Based on what we know about Schröder to this point of his career, he will struggle to share the court with the Thunder's All-Stars. He's had two encouraging seasons as a long-range shooter, the first coming in 2015-16, when he made 38.3 percent of his catch-and-shoot 3-point attempts, and the second coming in 2016-17, when he made 39.6 percent of his catch-and-shoot 3-point attempts. In his three other seasons with the Hawks, however, he made 30.3 percent of his catch-and-shoot 3-point attempts.

Schröder took 125 3-point attempts in those situations last season, only to knock down 35 of them ( 28.0 percent ). The majority of those were wide open , too. If he can't develop into a more reliable threat from the perimeter, Schröder's inability to space the floor will make it easier for teams to slow Westbrook and George down by clogging the paint.

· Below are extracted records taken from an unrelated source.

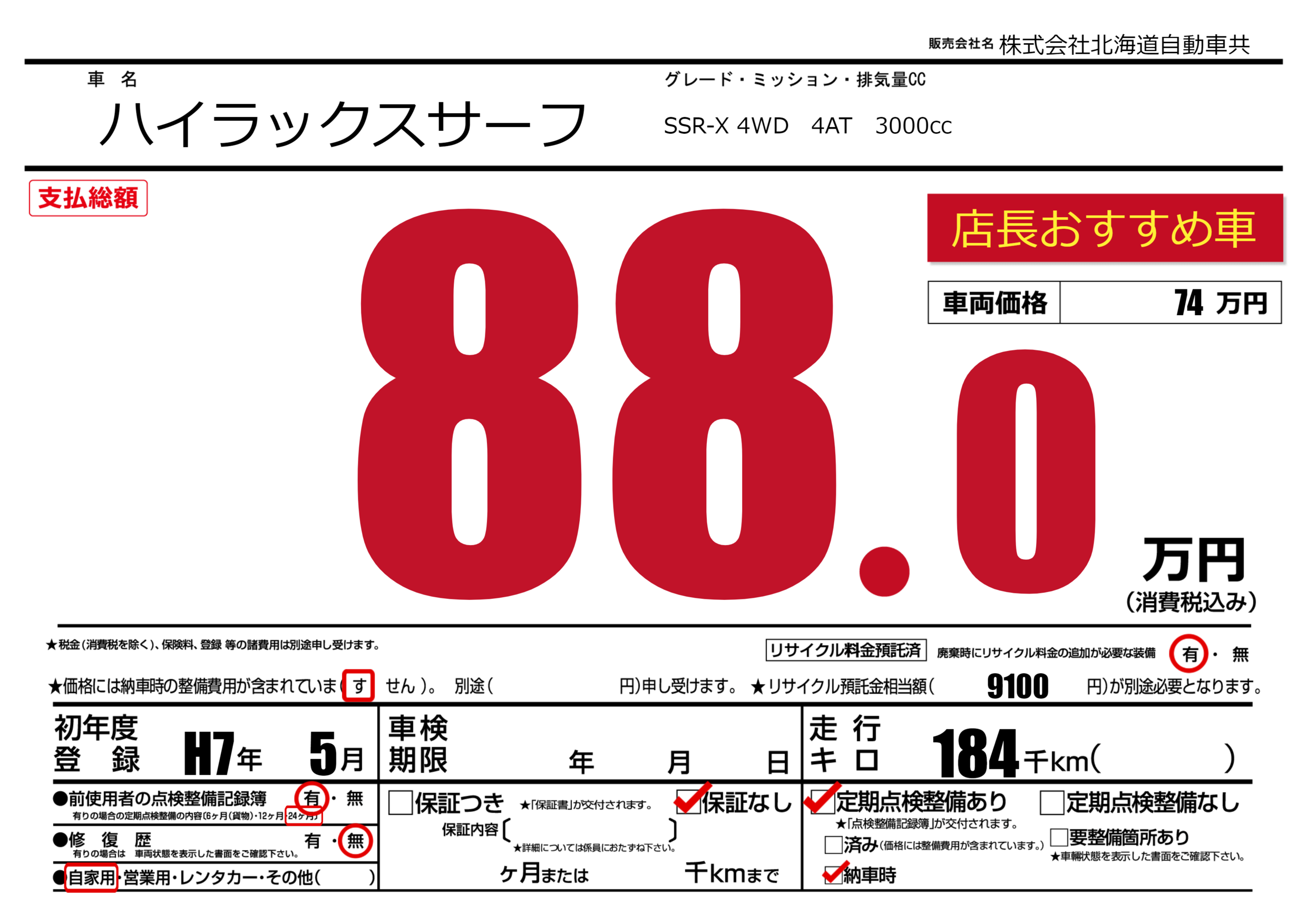 | 車名 | ハイラックスサーフ | グレード ミッション 排気量 |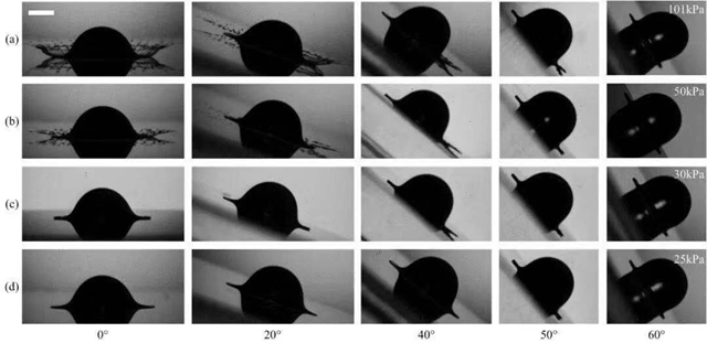 圖1 表面傾角和環(huán)境壓力對液滴飛濺的影響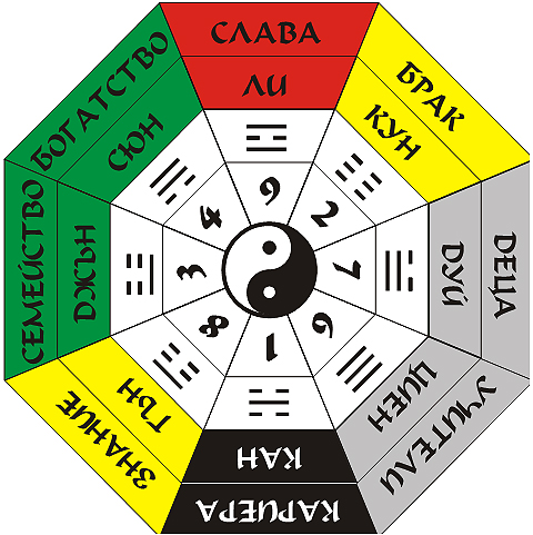 Посоките на света са без значение. Отпада необходимостта да се проверява всяка вещ или положение на хората с компас, както е в компасните школи. Този начин на използване на схемата е в съзвучие с принципа на Четирите защитника (Четирите защитни животни) и отчита реалната обстановка, влизането и движението на ци в обекта заедно с хората.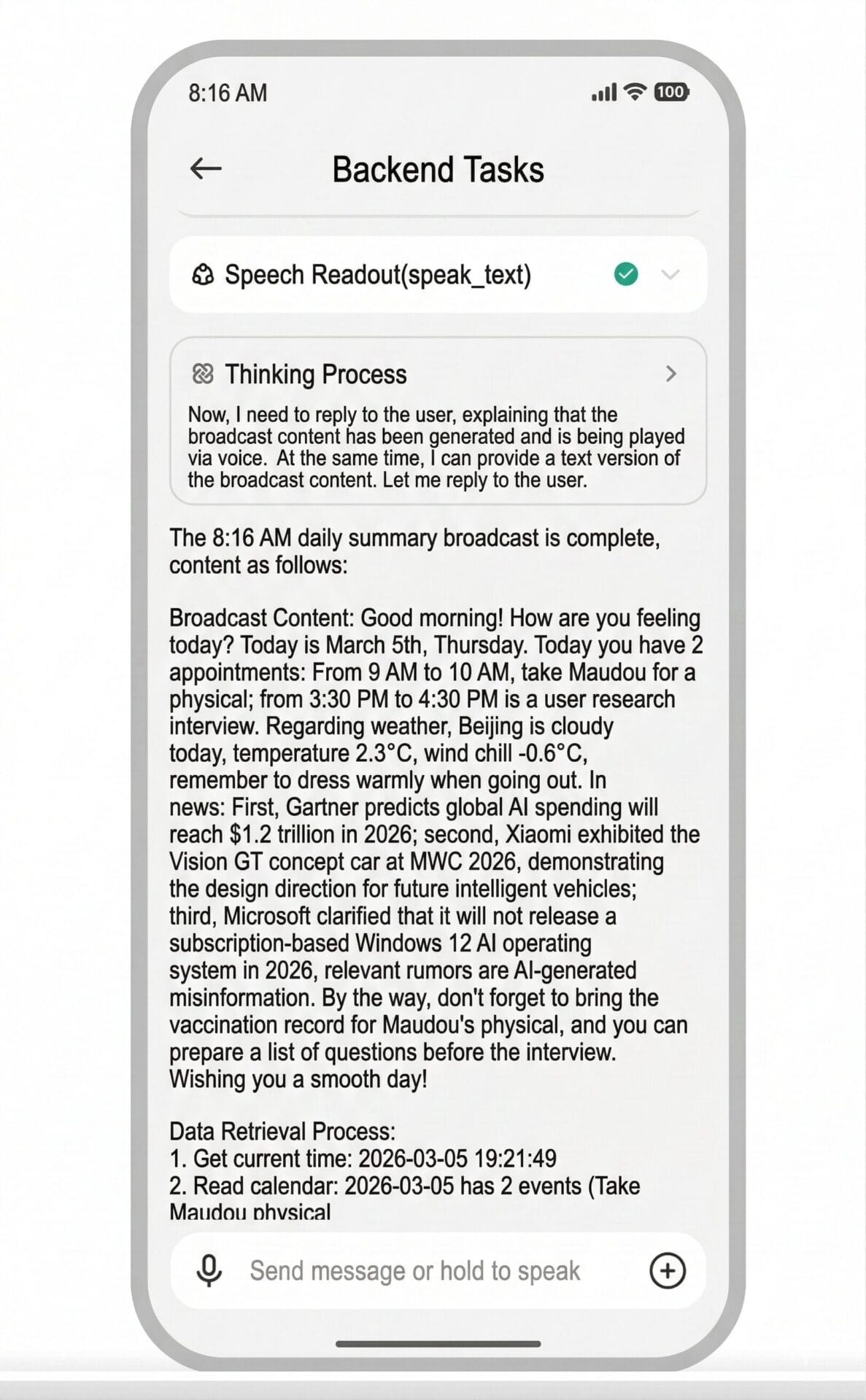 Το demo “Thought Process” (思考过程) τα αρχεία καταγραφής δείχνουν τον Miclaw να ενεργεί ως προσωπικό πρακτορείο ειδήσεων. Στις 8:16 π.μ., αντλεί δεδομένα από το ημερολόγιο (πρωινό ραντεβού με κτηνίατρο, απογευματινή συνέντευξη) και την εφαρμογή καιρού. Στη συνέχεια, το συνθέτει με πολύ συγκεκριμένες τεχνολογικές ειδήσεις —όπως οι προβλέψεις δαπανών τεχνητής νοημοσύνης της Gartner για το 2026, οι φήμες για τα Windows 12 και ενημερώσεις για το πρωτότυπο αυτοκίνητο Xiaomi Vision GT από το MWC 2026—παρέχοντας μια περιεκτική πρωινή σύντομη ενημέρωση με ένα μόνο κείμενο.

Another area of concern for Schröder is defense. Despite his long arms and quick feet, the 24-year-old consistently checks out as one of the worst defenders at his position.

Perhaps a new situation will motivate Schröder to be a more engaged defender. If it doesn't, the Thunder can at least hide him on that end of the floor in ways the Hawks couldn't by surrounding him with versatile defenders at every position, from Andre Roberson and George in the backcourt to Jerami Grant and Steven Adams in the frontcourt. His shortcomings on defense won't prevent him from being a solid backup in Oklahoma City, but it would limit his ceiling tremendously if he doesn't improve.

The combination makes Schröder a high-usage point guard with a tremendous amount of talent, albeit with glaring weaknesses as a shooter and a defender, making him a fascinating gamble for a Thunder team looking to compete with the Golden State Warriors and Houston Rockets next season.